Thursday, April 19, 2012


Yesterday, while fitting Oscar and Daryl for their tuxedos, we realized we've been spending so much time getting ourselves ready for the wedding, we have mostly ignored our guests' needs.  Surely you all need to begin preparing as well.  So, from this day forward, we will be much more consistent in adding to the site all the info you need (and much that you do not) to get the most out of your time in the County.

We have been inundated by you with questions in the last few weeks about virtually everything wedding and County-related.  So we thought we'd begin by answering some of them here.  Some are good questions, some are not, and some we made up, but they will all be anonymous, so please keep them coming.

Is it true that Torrey is a three hour drive from an airport?
No!  There's an airport in Bicknell, which is only about ten minutes away.  Unfortunately, there are no commercial flights in or out, and really it's just a long strip of cement in a sage field.  For those of you without access to a private plane, you'll have to fly in to Salt Lake which is about a three hour drive.  Luckily the drive is easy, beautiful and essentially traffic-less (once you leave the city behind).

Though most of you probably could get directions from your phone, we will also provide old-fashioned directions, because your phone will work less and less the further you go away from Salt Lake and also we (Ian) don't trust computery things in general.

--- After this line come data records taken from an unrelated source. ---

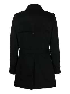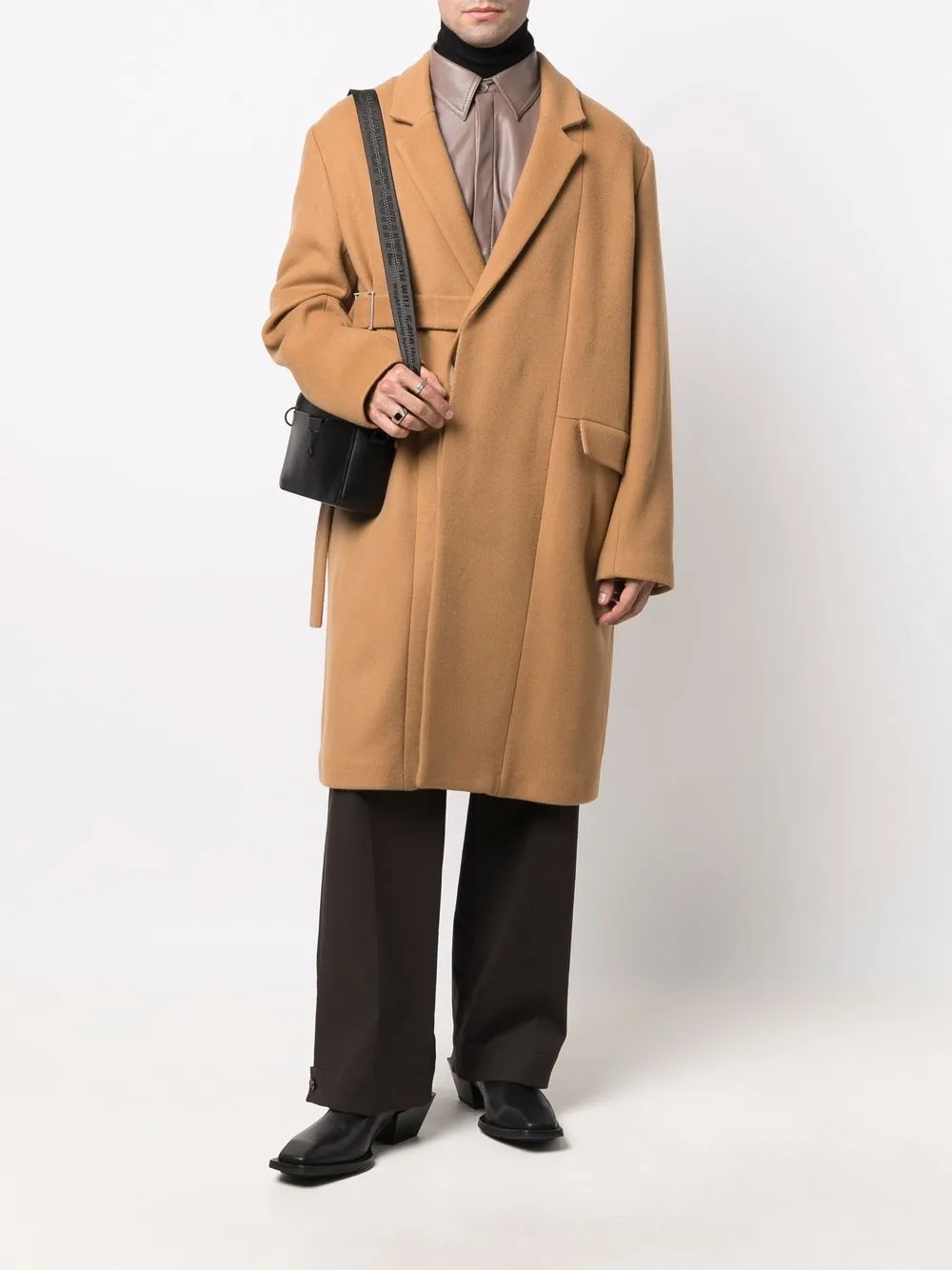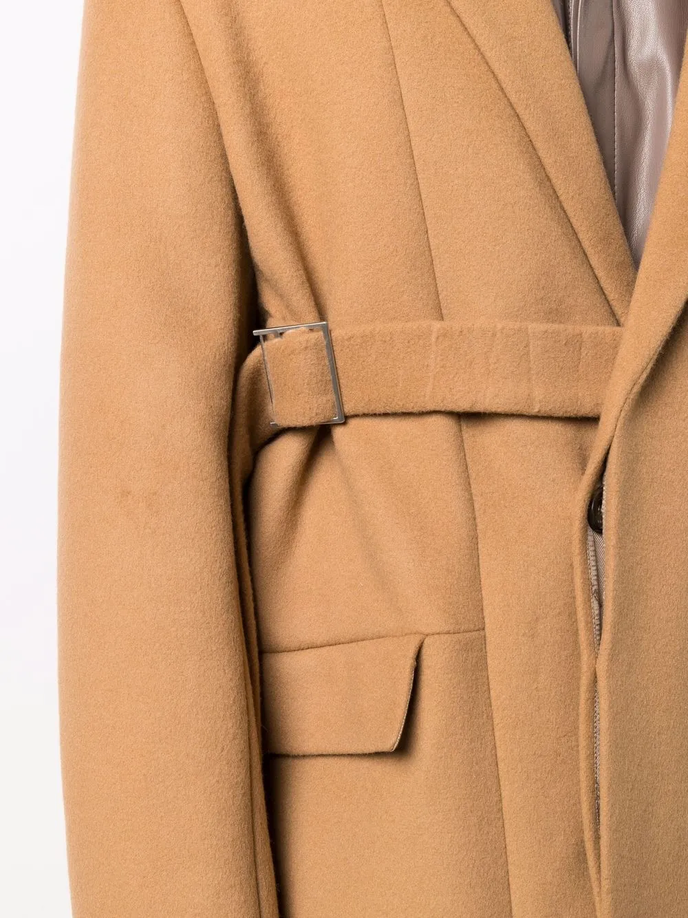 Solapa de muesca, solapas de muesca, detalle de cinturón y dos bolsillos laterales con solapa.
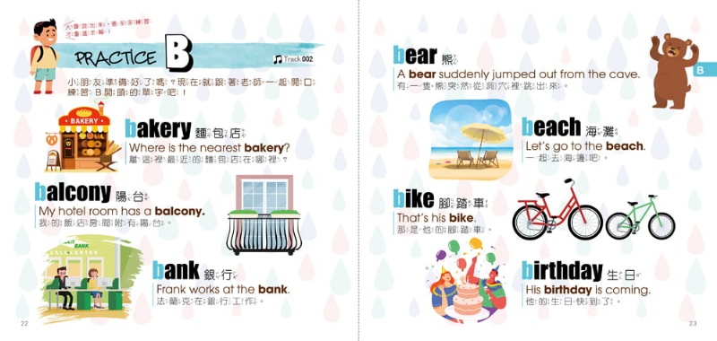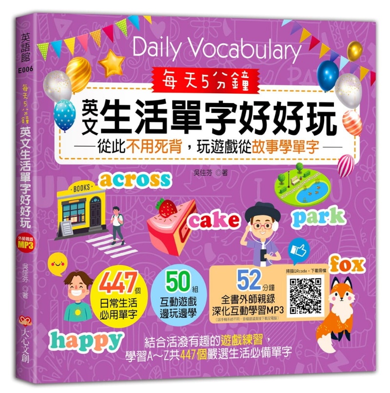 從日常小事、特殊節日、學校生活、到情緒表達,書中嚴選小朋友們生活中會出現、會用到的基礎英文單字,配上實用的例句及可愛的插圖,更有美籍外師專業親錄音檔,收錄在書中QR code,輕鬆一掃就能把專業名師隨身帶在身上陪你學英文!
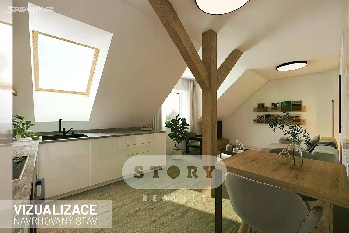 Nabízíme vám k prodeji podkrovní byt 2kk. Bytová jednotka je aktuálně v procesu výstavby. Dokončené práce k 11/2025: nové schody, okna, střešní a stropní konstrukce ze dřeva, ocelové profily a sádrokartonové příčky, podhledy, izolace, rozvody vody a odpadu, podlahové vytápění, finální betonový potěr. Nejzazší termín dokončení projektu (elektroinstalace, opláštění SDK deskami, obklady, dlažby a instalace v koupelně, vinylová podlaha, výmalba) je březen 2026. Byt je naprojektován tak, aby splňoval vyšší standard ve své kategorii. Budoucí majitel získá dokončenou bytovou jednotku bez kuchyňské linky. Zdrojem pro teplovodní podlahové vytápění i ohřev TUV bude tepelné čerpadlo s vnitřní jednotkou a externím ohřívačem vody. Byt bude spadat do energetické třídy B - velmi úsporná. V zařízené koupelně bude k dispozici vana i sprchový kout. Okna jsou zde střešní (koupelna a kuchyně) a vikýře v obou obytných místnostech. V domě bude příprava na fotovoltaiku pro případné využití v budoucnu. Byty budujeme v jednoduchém a čistém stylu a budou splňovat veškeré nároky na moderní a kvalitní bydlení. V domě vznikají 4 nové bytové jednotky. Ke každé bytové jednotce bude k užívání vyčleněný podíl na zahradě za domem o výměře cca 20 m2 a také společný prostor pro uložení např. jízdních kol atd. Šternberk je město s veškerou občanskou vybaveností, (nemocnice, obchody, supermarkety, restaurace, úřady, lékaři, mateřská škola, základní škola, gymnázium, pošta, sportoviště atd. Dům se nachází blízko centra města. Více informací v RK.
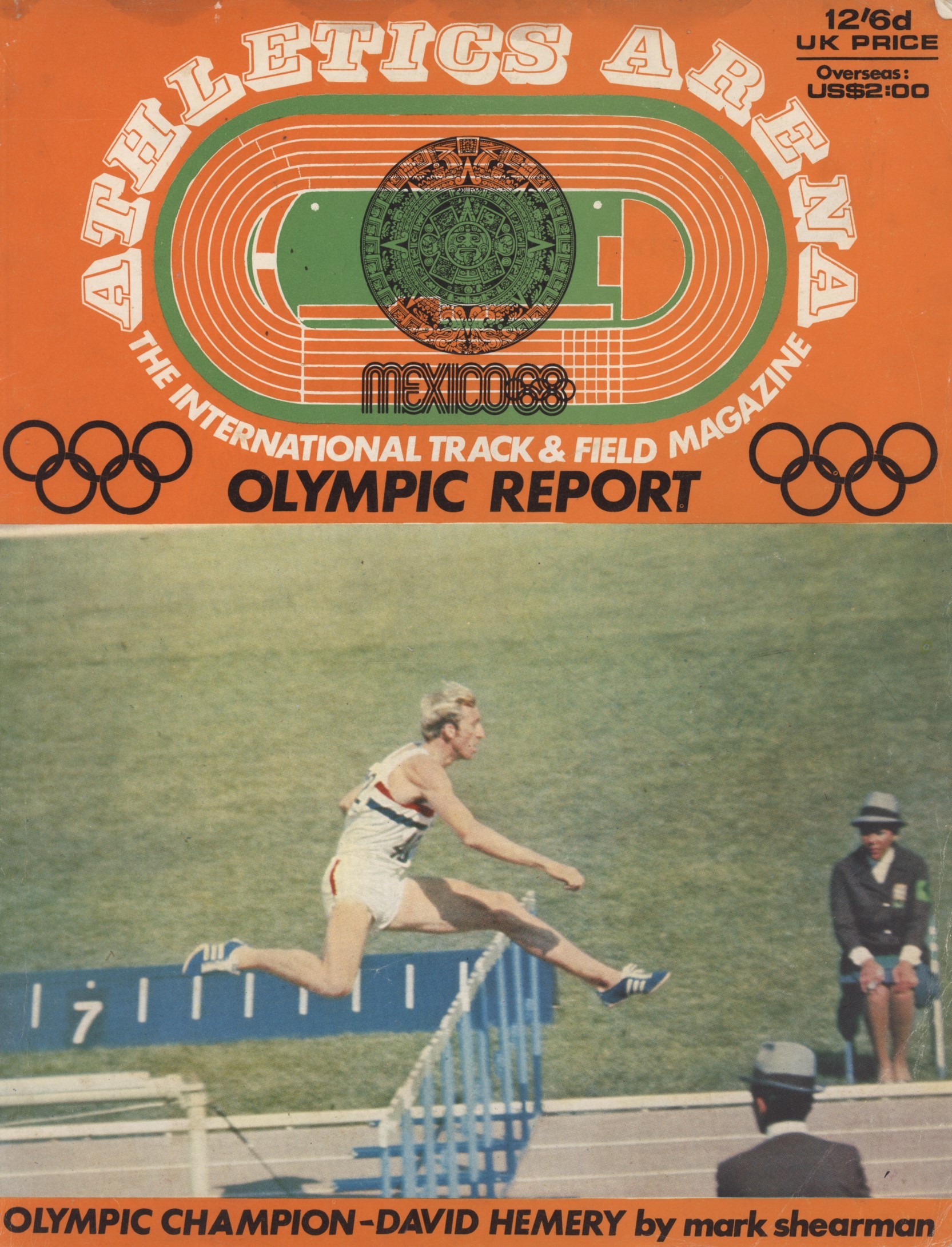 The athletics magazine's detailed account of the Mexico Games of 1968, with extensive reports, results and interviews, profusely illustrated throughout, including action shots of cover-boy and gold medalist David Hemery.
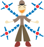This features a cartoon man with arms that look like spider legs. He is wearing a brown shirt and has a smiling expression on his face. His arms are positioned in various directions, giving the impression of multiple limbs. In addition to his unique arms, he also has a hat on his head, adding to his distinctive appearance. The man's facial features and overall design make him appear friendly and approachable despite his unusual physical attributes.
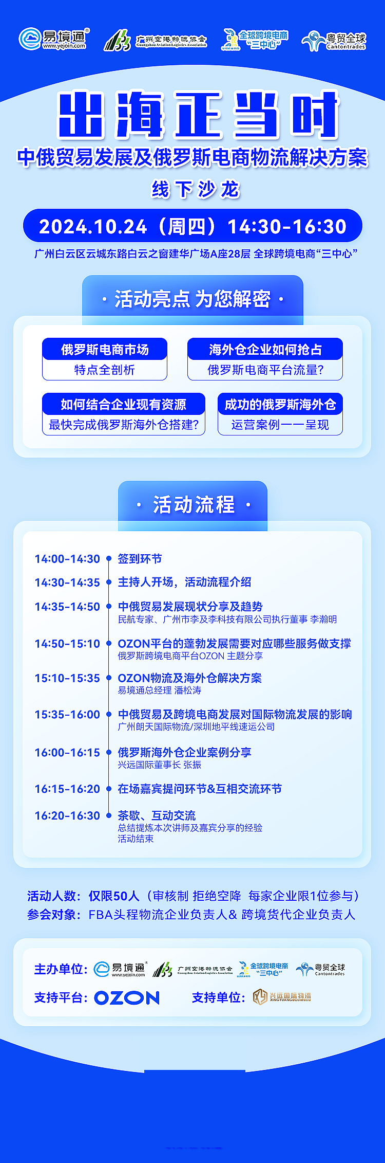 10.24广州《出海正当时——中俄贸易发展及俄罗斯电商物流解决方案》线下沙龙

Before I go someplace new, I like to read as much about that place as I can.  Can you recommend some books about the area?
Alright! Hooray for books!  Besides being a good way to get yourself ready to be here, Torrey is a great place to sit in the shade for hours or days or years and be quiet with a book.  Or just be quiet with the world.  There aren't too many books about Torrey in particular, but there are many great ones about the Colorado Plateau and the Utah desert.  Anyway, here are a few of our favorites:

Desert Solitaire and The Monkey Wrench Gang, both by Edward Abbey.  Ed Abbey is probably the best known writer who deals with this area.  He wrote many wonderful things before he died, but these are his two most famous.  Desert Solitaire is a non-fiction account of Abbey's time working as a ranger at what was then Arches National Monument outside of Moab.  Though it takes place about fifty years ago, it remains extremely relevant.  It is part reflection on the natural world and part rant against the excesses of various pieces of American culture and humanity in general.  It is beautiful, hilarious, and infuriating.  The Monkey Wrench Gang is a fictional (though probably not entirely so) account of a group of "eco-saboteurs" trying to stop the spread of "development" across the Colorado Plataeu.  They attempt to accomplish this mostly through small-scale vandalism of the kind that seems almost quaint today.  This book was a huge influence on groups that would form later like Earth First!.  It is an action-packed and fun read, that is sure to inspire some of you.

Basin & Range, by John McPhee.  This book is about geology.  For those of you who have ever read anything by John McPhee, you know that it is bound to be far more interesting than you would expect.  This book is fascinating and logic-defyingly enjoyable to read.  Technically it has little or nothing to do with the geology of the Torrey area specifically, but rather with everything west of here all the way to the Sierras in California.  But the book is so good you should read it anyway and then pay close attention to the landscape when you're driving down I-15.

House of Rain, by Craig Childs.  Childs has written many books about the Colorado Plateau/Four Corners region, and all are worth reading.  This book is an amazing look into the world of the Anasazi, the native people who were the primary inhabitants of the area until around 1200 a.d. when their civilization went through a series of overlapping and mysterious catastrophes, that caused them to abandon settlements and leave behind a great many ruins, vast panels of petroglyphs, and countless artifacts.  Childs questions many of the traditional beliefs about who these people were, what happened to them and where they ended up.  He is a very talented writer and you don't need to know anything about archaeology to enjoy this book.

Canaries on the Rim, by Chip Ward.  This is a look into the strange and disturbing legacy of the US government's use of the vast spaces of Utah, Nevada and Arizona as a dumping and testing ground for nuclear and chemical weapons and waste.  This is not a fun book.  The effects on the people of these areas has been and continues to be devastating.  Downwinders--folks who have the unfortunate luck of living downwind of nuclear fallout--have struggled for decades with bizarre cancers and medical problems.  Utah and Nevada are still a dumping ground for strange wastes--nuclear, chemical, biological--and people's health is still being compromised (don't worry, you'll all be fine).  Also, Chip Ward lives in Torrey!

Under the Banner of Heaven, by Jon Krakauer.  We were hesitant to recommend this book, lest you all get the wrong idea about our Mormon neighbors.  In the end, it was just too interesting to leave off the list.  Krakauer explores the darkest and strangest sides of LDS church history and present, and this book is frightening but also somewhat misleading.  The people he focuses on are a tiny fraction of the Mormon world as a whole.  Most of them are not lunatics!  But the folks in this book certainly are and it is fascinating and enlightening to hear about them.

OK.  That should keep folks busy for a while.  More to come later, but the sun is coming out and Oscar and Daryl need to get some mud on their tuxes.